I resumed to Susan Maturo. “Have you got a matter, or are you just researching?”
“Oh, I’ve got a matter.” She set her teeth on her lip — nice teeth, and not a bad lip — and kept them that way a while, regarding me. Then she went on, “It hit me hard, and it’s been getting worse in me instead of better. I began to be afraid I was going batty, and I decided to come to this Leo Heller and see what he could do, so I came this morning, but I was sitting up there in his waiting room — two people were already there, a man and a woman — and it went all through me that I was just being bitter and vindictive, and I don’t think I’m really like that — I’m pretty sure I never have been—”
Apparently she needed some cooperation, so I assured her, “You don’t look vindictive.”
She touched my sleeve with her fingertips to thank me. “So I got up and left, and then as I was leaving the elevator I heard that man saying your name and who you are, and it popped into my head to ask you. I asked how much it would cost to have Nero Wolfe investigate, but that was premature, because what I really want is to tell him about it and get his advice about investigating.”
She was dead serious and she was all worked up, so I arranged my face and voice to fit. “It’s like this,” I told her, “for that kind of approach to Mr. Wolfe, with no big fee in prospect, some expert preparation is required, and I’m the only expert in the field.” I glanced at my wrist and saw 10:19. “I’ve got a date, but I can spare five minutes if you want to brief me on the essentials, and then I’ll tell you how it strikes me. What was it that hit you?”

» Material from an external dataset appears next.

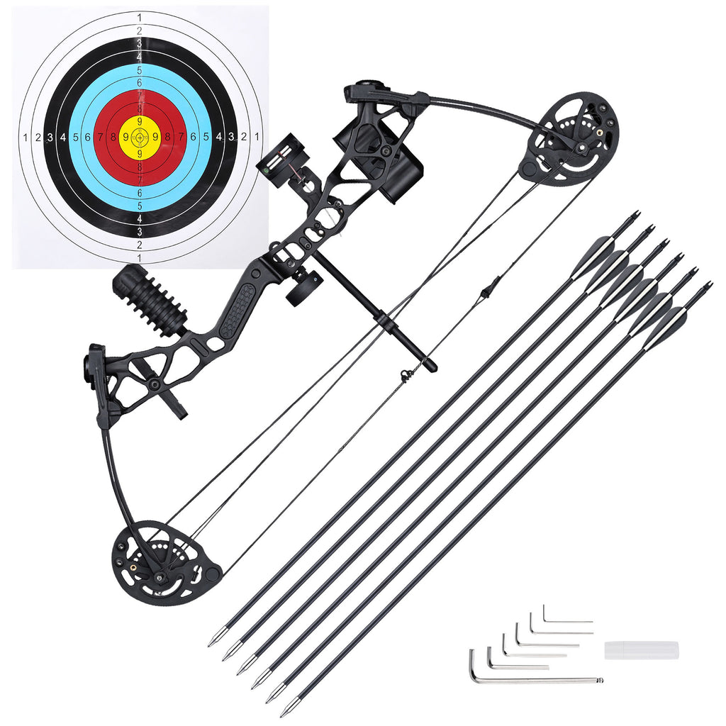 - Youth Compound Bow Set - Includes a 16 to 28 Lbs right hand compound bow;  target paper & 6 carbon arrows; Weights only 2.5 Lbs for easy grasping;  a perfect gift for teenagers;  young archers or beginners to learn & practice shooting;  outdoor hunting;  target archery & more

She looked at me, shot a glance at Nils Lamm, who couldn’t have moved out of earshot in that lobby if he had wanted to, and came back to me. Her jaw quivered, and she clamped it tight and held it for a moment, then released it and spoke. “When I start to talk about it, it sticks in my throat and chokes me, and five minutes wouldn’t be enough, and anyway I need someone old and wise like Nero Wolfe. Won’t you let me see him?”
I promised to try. I told her that it would be hard to find any man in the metropolitan area more willing to help an attractive girl in distress than I was, but it would be a waste of time and effort for me to take her in to Wolfe cold, and though I was neither old nor wise she would have to give me at least a full outline before I could furnish either an opinion or help. She agreed that that was reasonable and gave me her address and phone number, and we arranged to communicate later in the day. I went and opened the door for her, and she departed.
On the way up in the elevator my watch said 10:28, so I wasn’t on time after all, but we would still have half an hour before Heller’s business day began. On the fifth floor a plaque on the wall facing the elevator was lettered LEO HELLER, WAITING ROOM, with an arrow pointing right, and at that end of the narrow hall a door bore the invitation, WALK IN. I turned left, toward the other end, where I pushed a button beside a door, noticing as I did so that the door was ajar a scanty inch. When my ring brought no response, and a second one, more prolonged, didn’t either, I shoved the door open, crossed the sill, and called Heller’s name. No reply. There was no one in sight.
Thinking that he had probably stepped into the waiting room and would soon return, I glanced around to see what the lair of a probability wizard looked like, and was impressed by some outstanding features. The door, of metal, was a good three inches thick, either for security or for soundproofing, or maybe both. If there were any windows they were behind the heavy draperies; the artificial light came indirectly from channels in the walls just beneath the ceiling. The air was conditioned. There were locks on all the units of a vast assembly of filing cabinets that took up all the rear wall. The floor, with no rugs, was tiled with some velvety material on which a footfall was barely audible.
The thick door was for soundproofing. I had closed it, nearly, on entering, and the silence was complete. Not a sound of the city could be heard, though the clang and clatter of Lexington Avenue was nearby one way and Third Avenue the other.